Scissor-tailed flycatchers likely are doing better because they are adaptable, he said. “You’ll see them nesting on power poles next to a shopping mall.”
Reinking, a senior biologist at the Sutton Avian Research Center in Bartlesville and author of winter-bird and breeding-bird atlases for Oklahoma, also is coordinator of the United States Geological Survey’s annual Breeding Bird Survey for Oklahoma. Surveys from across the country contributed data for the study. Oklahoma ornithologists have done the survey since the mid 1960s, he said.
“Other than the Christmas Bird Count it’s one of our longest-running and most intensive efforts in Oklahoma,” he said. “Anyone can go to the website and look at the results and drill down to even specific routes and look at the changes over a 10-year period. … It’s color coded so you can see at a glance what are the big declines and what are the increases.”
Notable among the survey data are annual increases of 20 percent for Canada geese, 40 percent for the invasive Eurasian collard dove and 10 percent for fish crows, while orchard orioles and loggerhead shrikes are down roughly 5 percent per year and Bell’s vireo are down 2.5 percent in Oklahoma, he said.
While the Cornell study notes that the continental population of grassland birds such as the eastern meadowlark have declined nearly 50 percent continent-wide, the trend on the Oklahoma survey shows them down about 2.5 percent per year the past 10 years.
Amateur birders also fit into the study picture, and Tulsa has been home to a National Audubon Society Christmas Bird Count annually since 1926. Some of the long-term data from that count worked into the most recent study, and it also made headlines in 2009.
A 40-year analysis of the counts showed 48 of 305 common, widespread species in North America have shifted their wintering grounds more than 200 miles northward. It created additional buzz around climate change debates at the time and still is cited by the Environmental Protection Agency as a change indicator.

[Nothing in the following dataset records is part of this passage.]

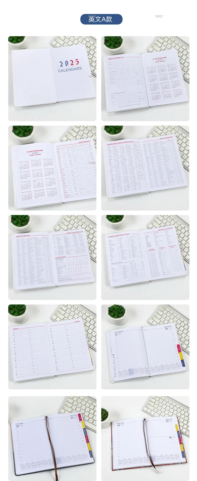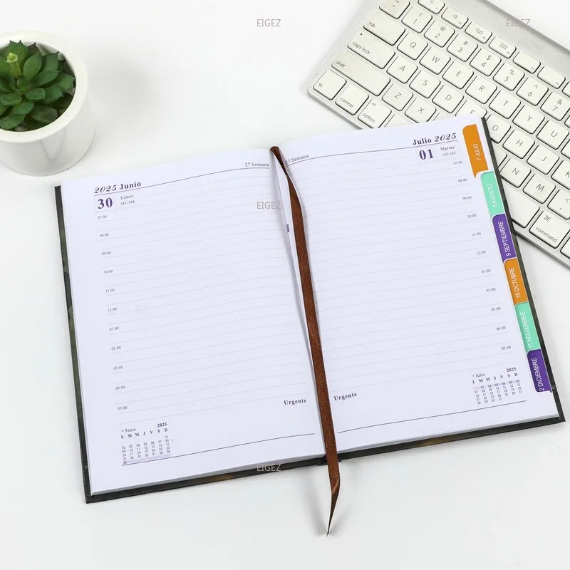 2025 Notebook inglese Calendario cartaceo Piano giornaliero spagnolo transfrontaliero Agenda Pianificazione Organizzazione delle attività di apprendimento
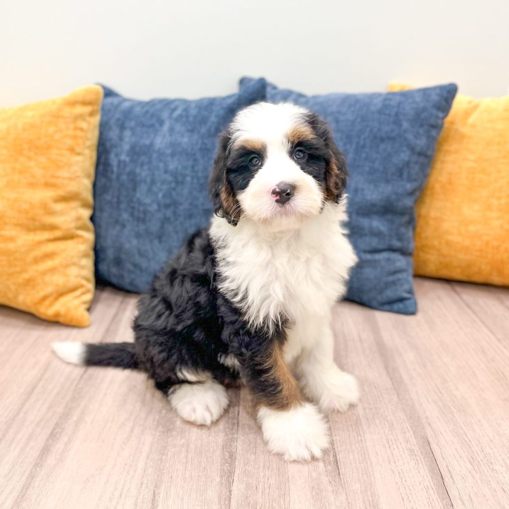 Buster is a distinguished male F1 Mini Bernedoodle who embodies the ideal blend of charm, intelligence, and gentle companionship. With his soft, low‑shedding coat and expressive eyes, Buster captures attention effortlessly, but it is his calm, people‑focused nature that truly sets him apart.
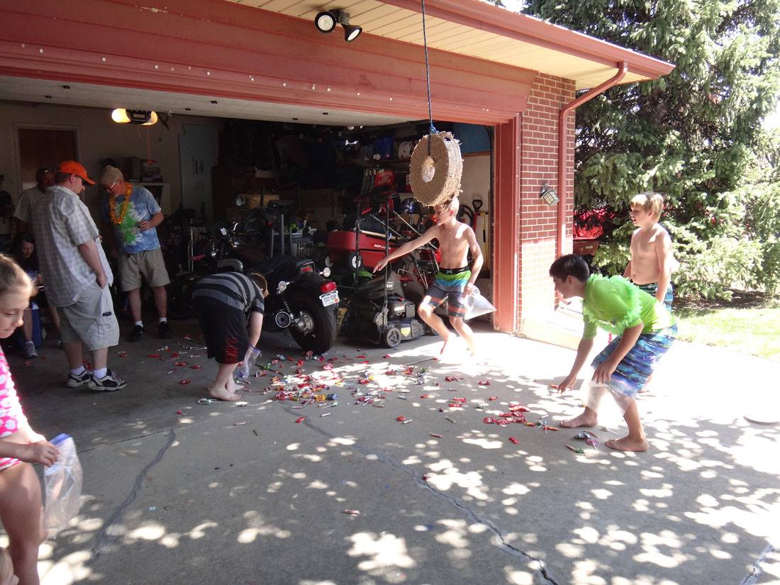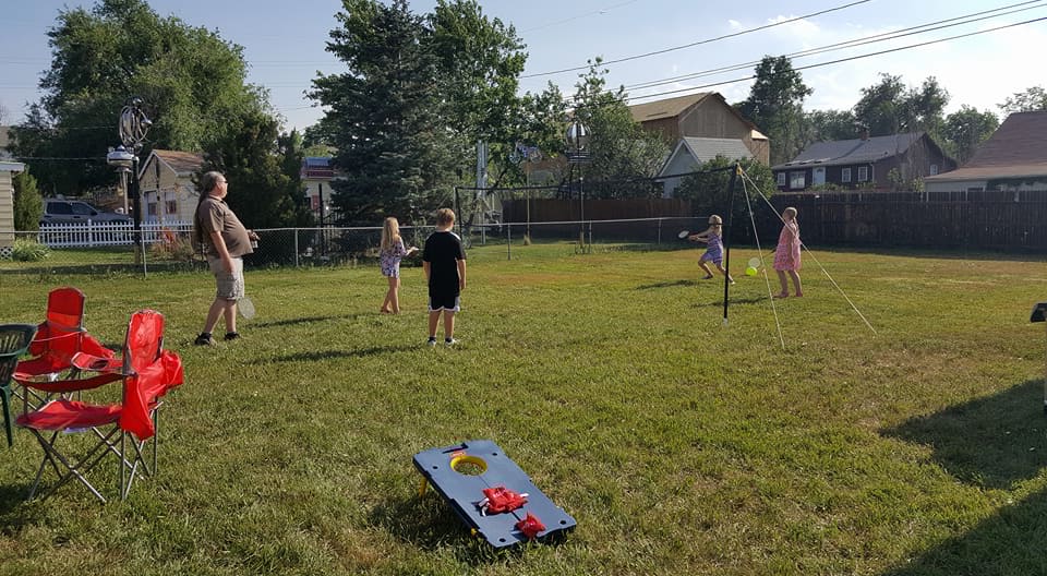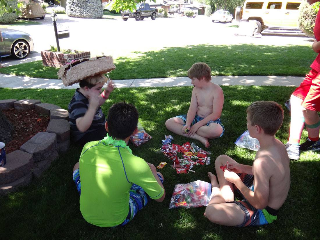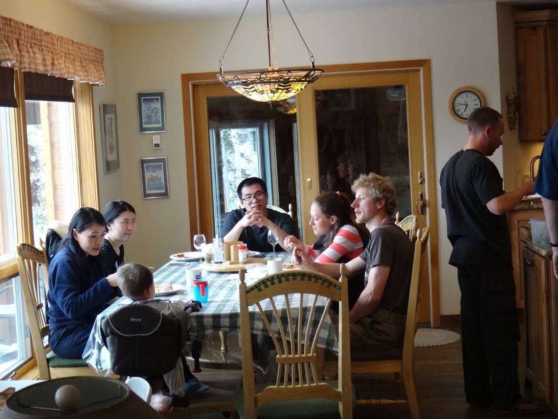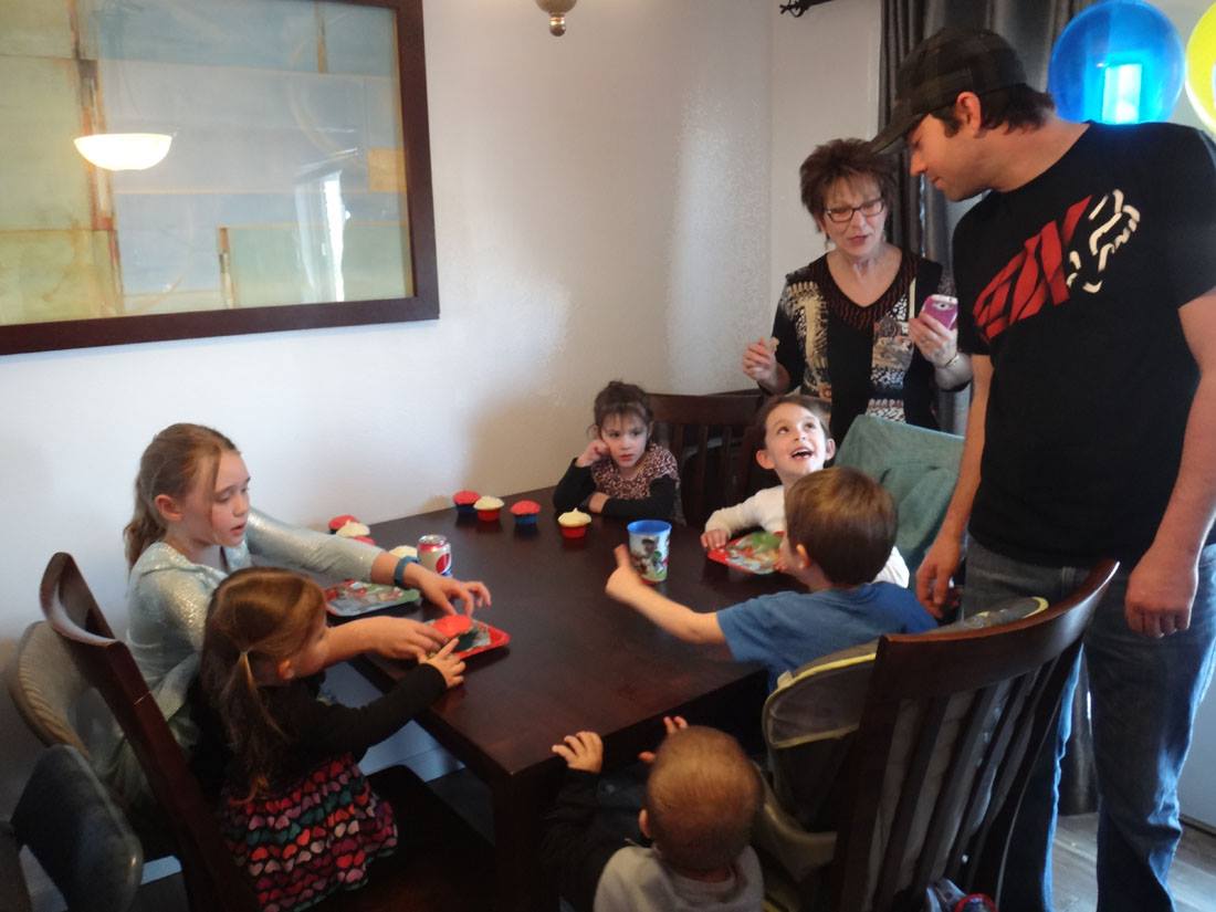 Rannae and Danielle taught the kids a little bit about playing poker. (Hannah is next to Danielle; Valerie, Maddie, and Will are on the other side of the table)

With 25 years running the same route for the annual Audubon Christmas Bird Count and now as Tulsa-area coordinator, Jeff Cox said the annual ups and downs are always noticed in the survey area north of Tulsa, but often it’s hard to see the bigger picture.
Long term, the things that stand out are the lack of prairie chickens and prairie songbirds, but gains of hawks and eagles and things such as white-winged doves and Canada geese have increased.
Landscape changes are obvious for the people who run the same route year after year, he said. Most noticeable are prairie or pasture areas that now are over-grazed or replaced by housing developments, Cox said.
While the Cornell study focuses on numbers and not causes, the study will inspire more scientists to look at the causes behind the declines and, perhaps, come up with solutions, he said.
There are things people can do now, but the puzzle for this wide variety of birds, many of which migrate thousands of miles overseas, likely will be more difficult.
“It’s more than just banning something like DDT,” Cox said.
A widespread issue calls for widespread changes and broad public support for conservation measures such as the Migratory Bird Protection Act and the Endangered Species Act, he said.
Everyone can do their part, even if it’s only putting items up on windows on their home to prevent collisions or keeping their cats inside, Loss said. Cats are responsible for the loss of billions of songbirds in the U.S. annually, he said.
“Generally, we know how do to it,” the Sutton Center’s Reinking said. “We know how to save birds, and we’ve done it. It’s a matter of public support and financial support and enough people to care about it to make it happen.”